▶ _PROBLEM DETAILS_: The required output is the lines from the one with "Fede Bundgaard termostøvler" through the end of the data, repeated verbatim, with no pictures included.

▶ _DATA BELOW_:

***

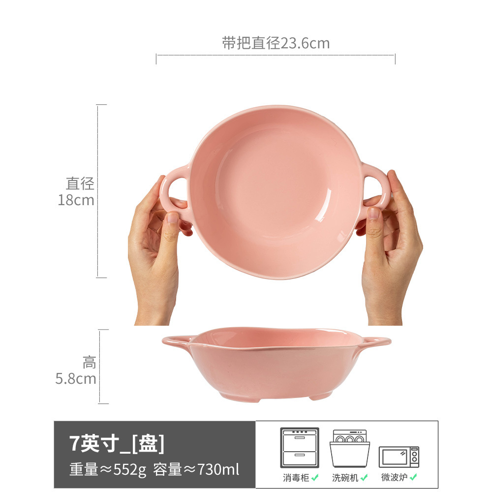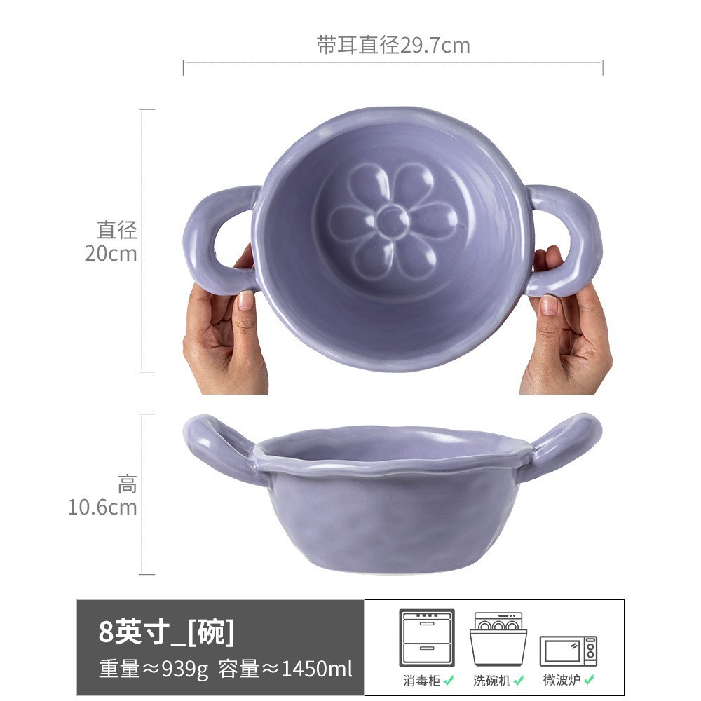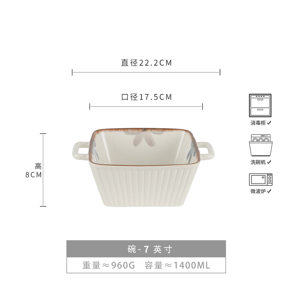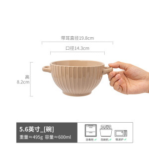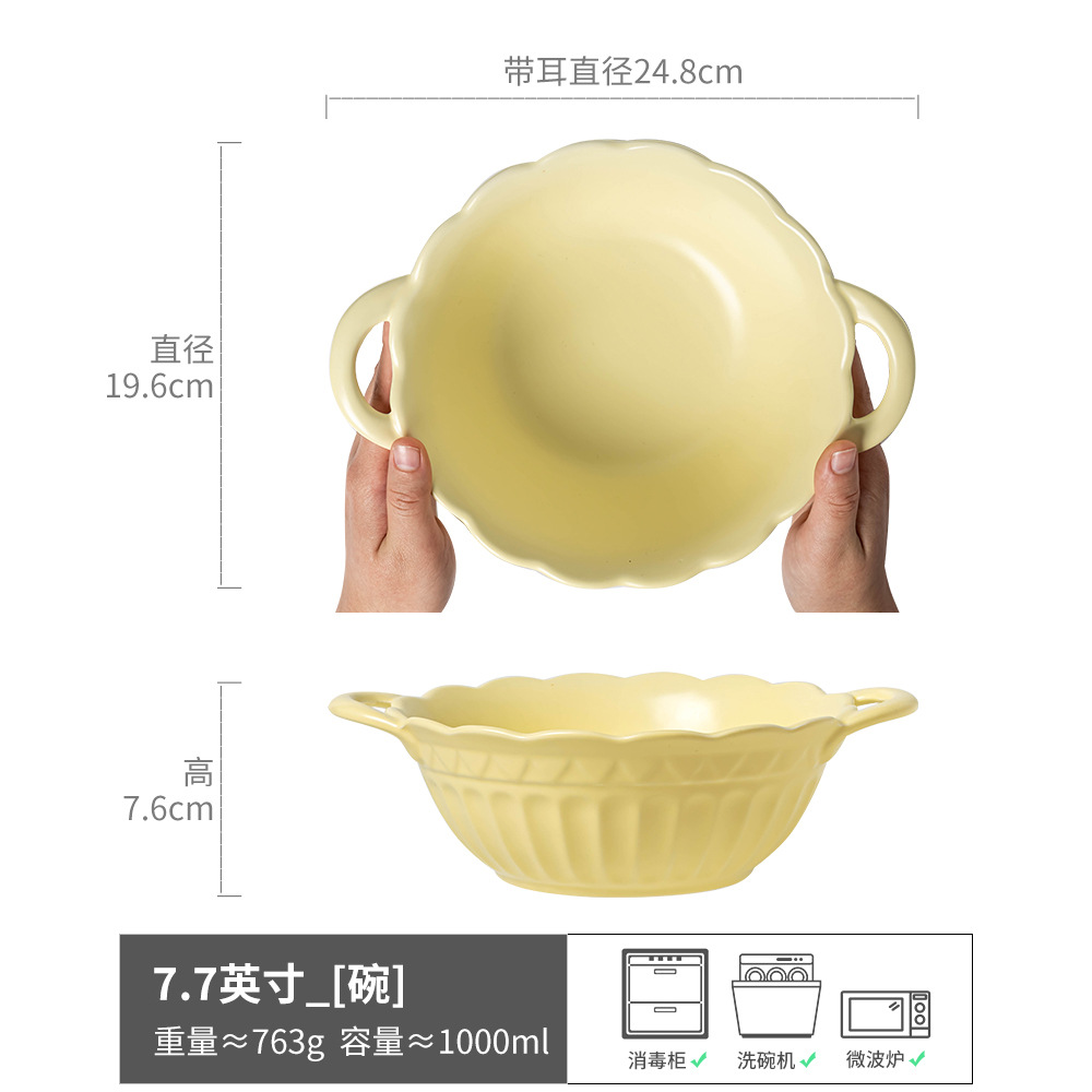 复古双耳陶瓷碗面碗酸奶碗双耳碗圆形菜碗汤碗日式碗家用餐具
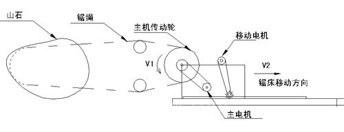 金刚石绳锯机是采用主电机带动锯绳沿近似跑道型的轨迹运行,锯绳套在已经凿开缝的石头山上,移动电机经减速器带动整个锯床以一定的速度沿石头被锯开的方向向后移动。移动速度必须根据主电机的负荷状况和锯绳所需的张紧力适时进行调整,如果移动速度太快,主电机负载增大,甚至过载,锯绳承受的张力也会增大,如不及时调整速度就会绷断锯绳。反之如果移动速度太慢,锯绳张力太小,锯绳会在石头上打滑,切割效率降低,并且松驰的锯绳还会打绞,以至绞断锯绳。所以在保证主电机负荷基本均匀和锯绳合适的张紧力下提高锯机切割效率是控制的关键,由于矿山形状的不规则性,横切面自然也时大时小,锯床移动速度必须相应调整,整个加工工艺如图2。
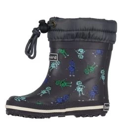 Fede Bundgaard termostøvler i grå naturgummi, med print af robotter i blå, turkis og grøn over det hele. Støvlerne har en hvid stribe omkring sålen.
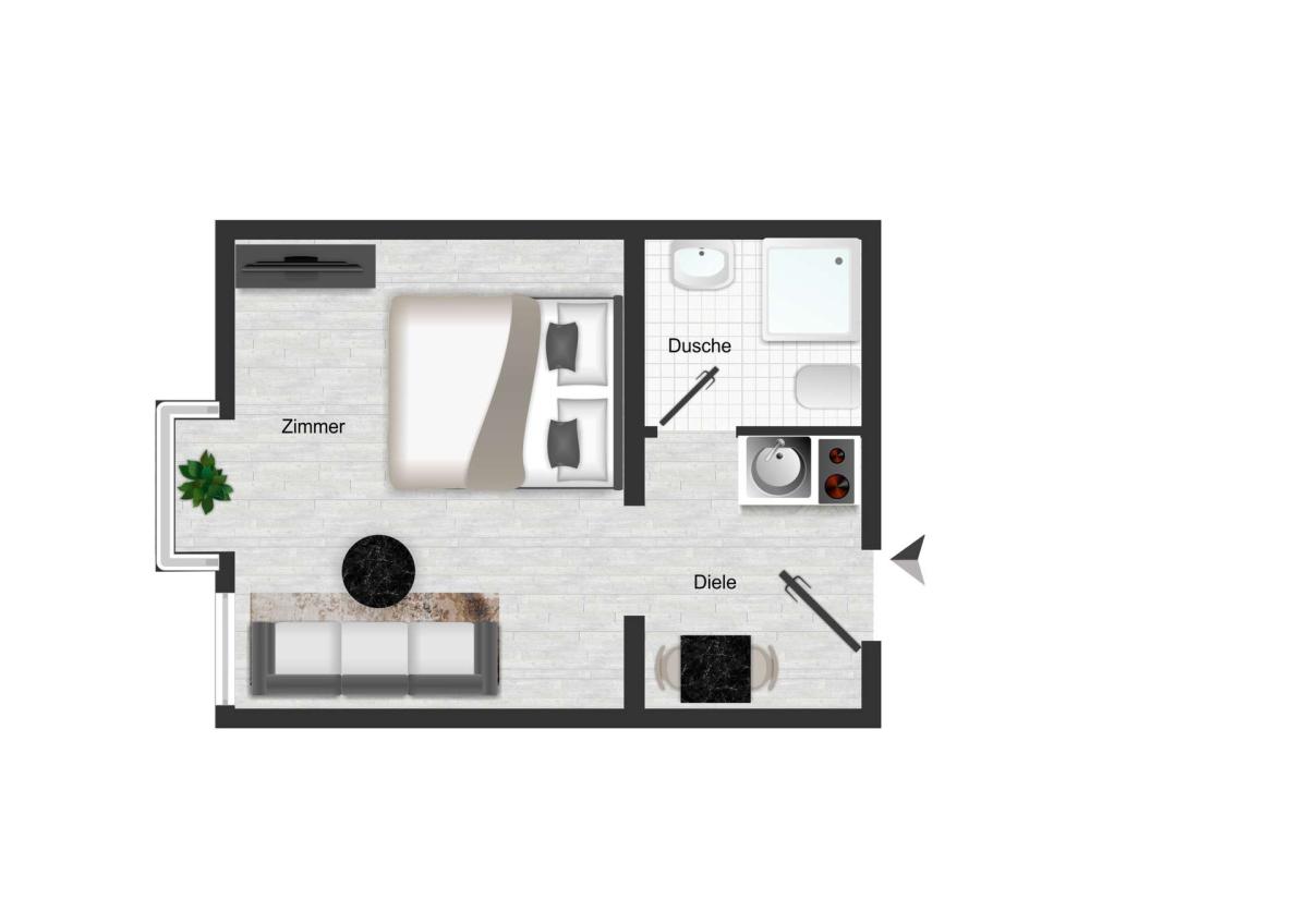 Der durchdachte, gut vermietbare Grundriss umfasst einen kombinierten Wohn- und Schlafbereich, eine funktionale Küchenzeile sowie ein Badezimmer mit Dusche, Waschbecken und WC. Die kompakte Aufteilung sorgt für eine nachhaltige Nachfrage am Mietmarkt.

***

▶ _RESULT OF THE EXERCISE_:
 Fede Bundgaard termostøvler i grå naturgummi, med print af robotter i blå, turkis og grøn over det hele. Støvlerne har en hvid stribe omkring sålen.
 Der durchdachte, gut vermietbare Grundriss umfasst einen kombinierten Wohn- und Schlafbereich, eine funktionale Küchenzeile sowie ein Badezimmer mit Dusche, Waschbecken und WC. Die kompakte Aufteilung sorgt für eine nachhaltige Nachfrage am Mietmarkt.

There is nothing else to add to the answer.